Она направлялась в южный пригород, к резиденции Дяньгэ Дасюэши Шэнь Шуляна.
Девушка в карете приоткрыла уголок занавески. Поля шляпы молочно-белого цвета скрывали все ее лицо, виднелись лишь несколько тонких изящных пальцев. Под навесом из соломы сидел слепой сказитель, игравший на эрху. Время от времени оттуда доносились одобрительные возгласы.
— О чем сегодня поведаем?
— Расскажем о делах императорского города.
— Первое: в красных одеждах и железных доспехах восседает в зале судья, холодный Яма (*бог смерти*), с ним лучше не связываться.
— Второе: в синем халате с бумажным веером разгуливает по чиновничьим кругам улыбчивая сороконожка, к ней не приближайся.
— Динь-го-лун-дун-цян...
Уголки губ девушки в полумраке кареты изогнулись вверх. Опущенная занавеска то и дело поднималась вечерним ветром. Она повернулась и приказала стоявшей рядом служанке:
— Цинчай, выйди и скажи А-Дуну, чтобы по дороге нашел гостиницу. Сегодня остановимся здесь, а завтра в час Чэнь (*7-9 утра*) отправимся дальше.

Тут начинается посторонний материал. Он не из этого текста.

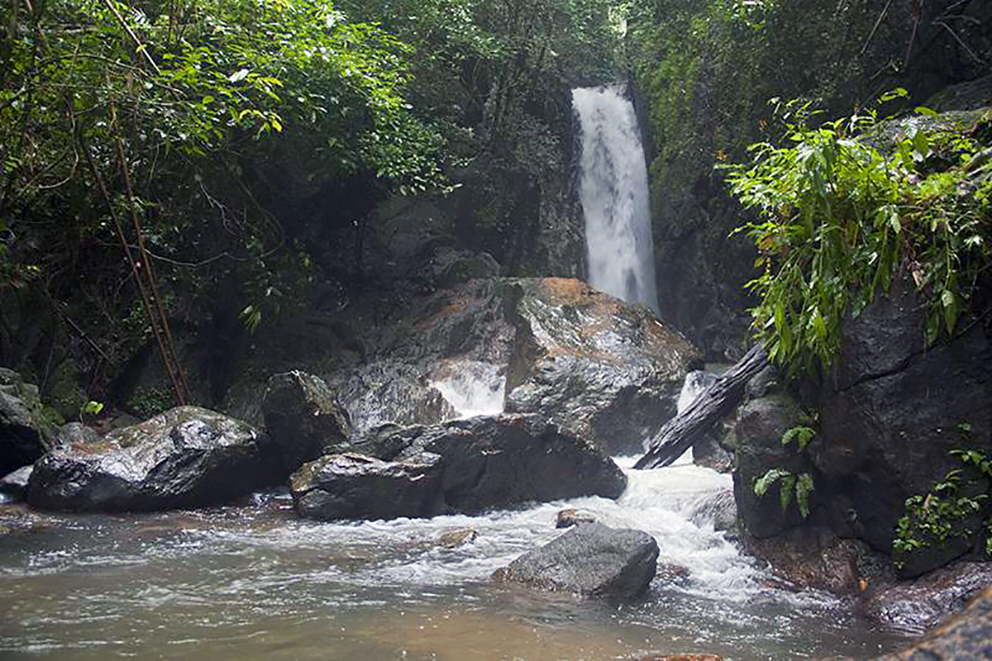 Двухкилометровая тропа проходит через девственные джунгли с редкими растениями, включая белые веерные пальмы и дикие орхидеи. Идеальное место для расслабления под звуки падающей воды.

Голос ее был слабым, с легкой хрипотцой, но на удивление четким и решительным.
— Да, госпожа.
Цинчай вышла из кареты и передала указания кучеру. А-Дун выглядел несколько озадаченным. Ведь до места назначения было совсем недалеко, меньше часа езды, и они точно успели бы до темноты. А тут снова остановка.
Всю дорогу они то ехали, то останавливались, из-за чего прибыли уже на пять с лишним дней позже, чем он рассчитывал, когда ехал за ней.
Похоже, эта третья госпожа, с детства покинувшая столицу и привезенная издалека, из Чаочжоу, не так уж и стремится домой.
Хотя А-Дун и ворчал про себя, он все же подчинился приказу и остановил карету.
Карета остановилась у трактира под названием «Таньюэлоу».
Девушка по-прежнему была под вуалью, длинная тонкая ткань полностью скрывала ее фигуру. Опираясь на руку служанки, она подошла к стойке.
Цинчай несла в одной руке железную ажурную клетку, в которой сидел попугай. Его красно-желто-зеленое оперение особенно ярко блестело на солнце, словно радуга. Птица была очень живой, постоянно прыгала и разглядывала все вокруг своими глазками-бусинками.
— Хозяин, нам нужна лучшая комната.
— Моя госпожа любит тишину, пожалуйста, устройте нас в комнате у стены.
— Снаружи остались наш кучер и карета, выделите им место попросторнее.
— Будет сделано.
— Слуга, проводи госпожу в самую дальнюю комнату в восточном крыле на третьем этаже.
— Слушаюсь! Вы двое, следуйте за мной наверх, — слуга, полный энтузиазма, бросился помогать нести багаж. Глядя на запыленный вид госпожи и служанки, он не удержался от пары любезных фраз.
— Госпожа приехала на «Яофанъянь», что состоится через десять дней?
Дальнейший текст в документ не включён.